United States District Court, District of Columbia

April 24, 2018

DEREK N. JARVIS, Plaintiff,
v.
UNITED STATES DEPARTMENT OF HOUSING AND URBAN DEVELOPMENT, Defendant.

          MEMORANDUM OPINION

          Emmet G. Sullivan United States District Judge

         Plaintiff Derek N. Jarvis brings this action against the United States Department of Housing and Urban Development (“HUD”) under the Freedom of Information Act (“FOIA”), see 5 U.S.C. § 552. This matter is before the court on Defendant's Motion for Summary Judgment, ECF No. 8. For the reasons discussed below, the court GRANTS defendant's motion.[1]

         I. BACKGROUND

         By letter dated November 22, 2016, plaintiff sent a request to HUD for “all document(s) related to Derek N. Jarvis, and Shirley J. Pittman, and record(s) related to Jarvis and Pittman, ” including phone records, emails, and letters. Compl., Ex. 1 (exhibit numbers designated by the court). Roughly three months later, plaintiff sent a second letter to HUD which in relevant part stated:

On November 22, 2016, I submitted a letter to HUD requesting all records, documents, emails[, ] phone records, logs[, ] etc., pertaining to Derek Jarvis. Derek Jarvis has filed several complaints with HUD against Landlords since 2006, and the agency has failed to enforce housing violations and discrimination that he has been subjected to, engaging in fraud and possible conspiracy.
It has now been approximately, (3) months since I first requested this information . . ., and I have not received any information from HUD . . . . HUD had engaged in fraudulent practices during the prior administration and refused to enforce housing violations and in some cases which I experienced facilitated the housing violations by landlords.

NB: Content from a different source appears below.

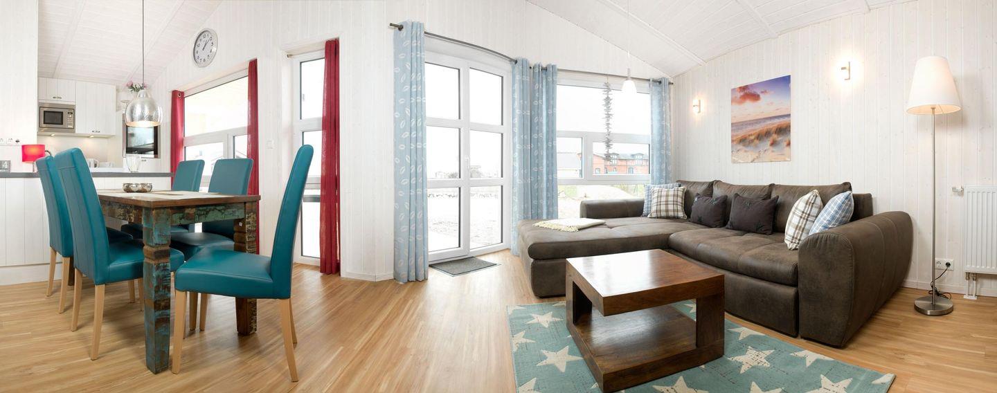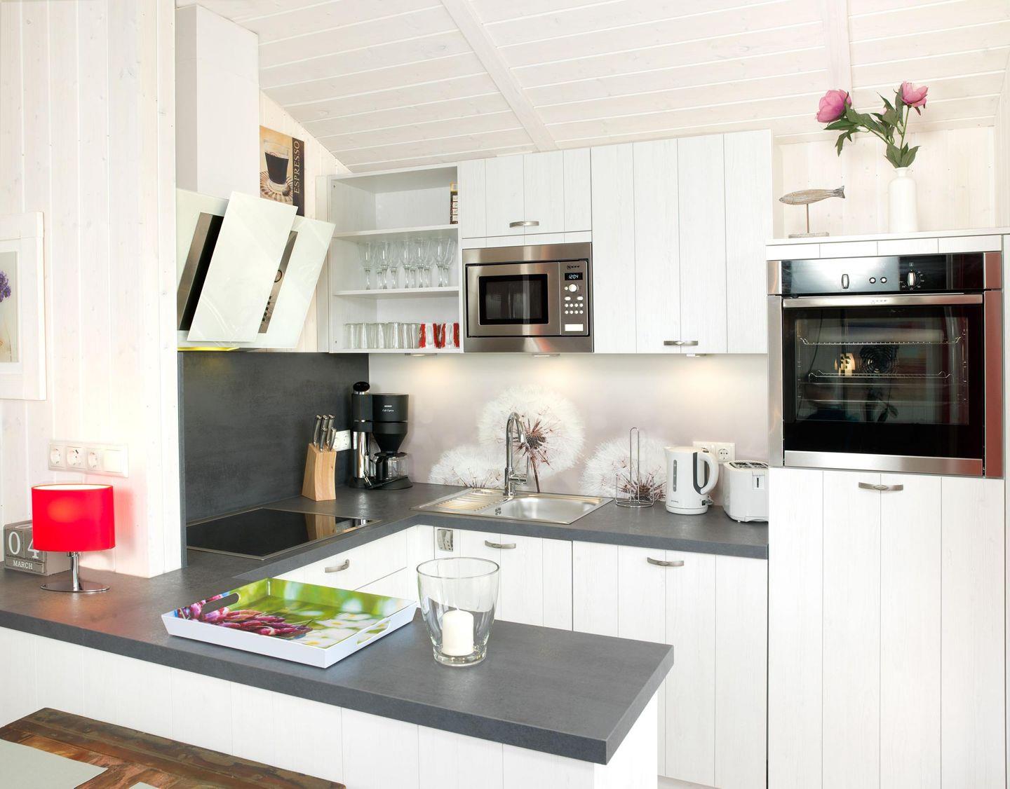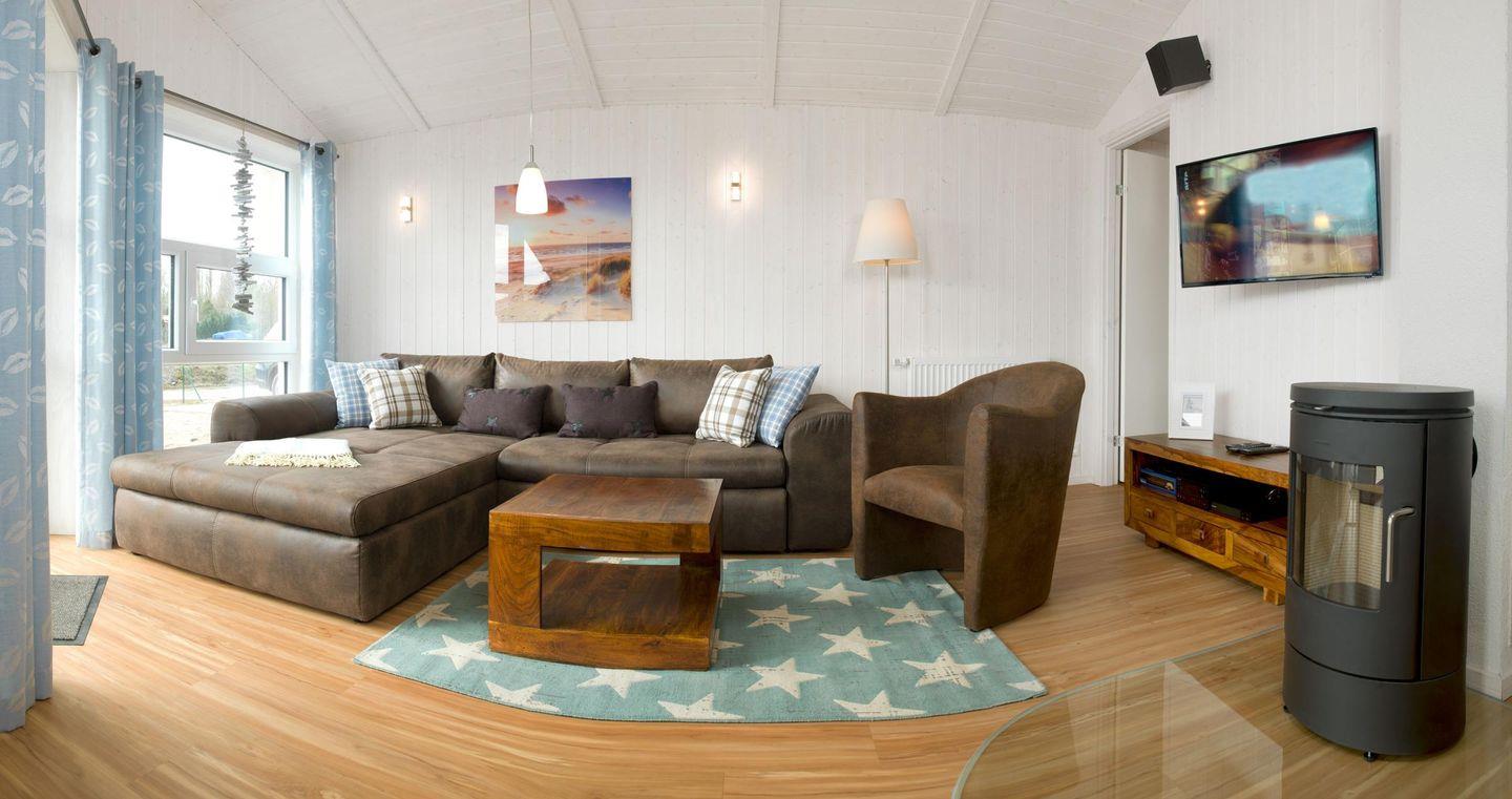 Das Wohnzimmer verfügt über große Fenster und ist modern und hell ausgestattet, von hier aus haben Sie einen schönen Ausblick auf das Salzhaff. Genießen Sie kuschelige Stunden vor dem Kaminofen mit Blick in die Natur. Die offene Küche ist komplett und perfekt ausgestattet. Vom Wohnzimmer gelangt man auf die Terrasse.

Id., Ex. 2. Plaintiff sent both requests to HUD's Secretary “by first class postal mail to HUD's Washington[, ] DC address on 451 7th Street, S.W.” Jarvis Decl. ¶ 5.[2] He filed this civil action on August 28, 2017, by which time HUD had not responded to either request. Compl. ¶¶ 4-5.

         II. DISCUSSION

         A FOIA case typically and appropriately is decided on a motion for summary judgment. See, e.g., Gold Anti-Trust Action Comm., Inc. v. Bd. of Governors of the Fed. Reserve Sys., 762 F.Supp.2d 123, 130 (D.D.C. 2011) (citations omitted). Summary judgment is granted when there is no genuine issue of material fact and the movant is entitled to judgment as a matter of law. Fed.R.Civ.P. 56(c); Celotex Corp. v. Catrett, 477 U.S. 317, 325 (1986). In determining whether a genuine issue of fact exists, the court must view all facts in the light most favorable to the non-moving party. See Matsushita Elec. Indus. Co. v. Zenith Radio Corp., 475 U.S. 574, 587 (1986). Under FOIA, all underlying facts and inferences are analyzed in the light most favorable to the FOIA requester; as such, only after an agency proves that it has fully discharged its FOIA obligations is summary judgment appropriate. Moore v. Aspin, 916 F.Supp. 32, 35 (D.D.C. 1996) (citing Weisberg v. U.S. Dep't of Justice, 705 F.2d 1344, 1350 (D.C. Cir. 1983)).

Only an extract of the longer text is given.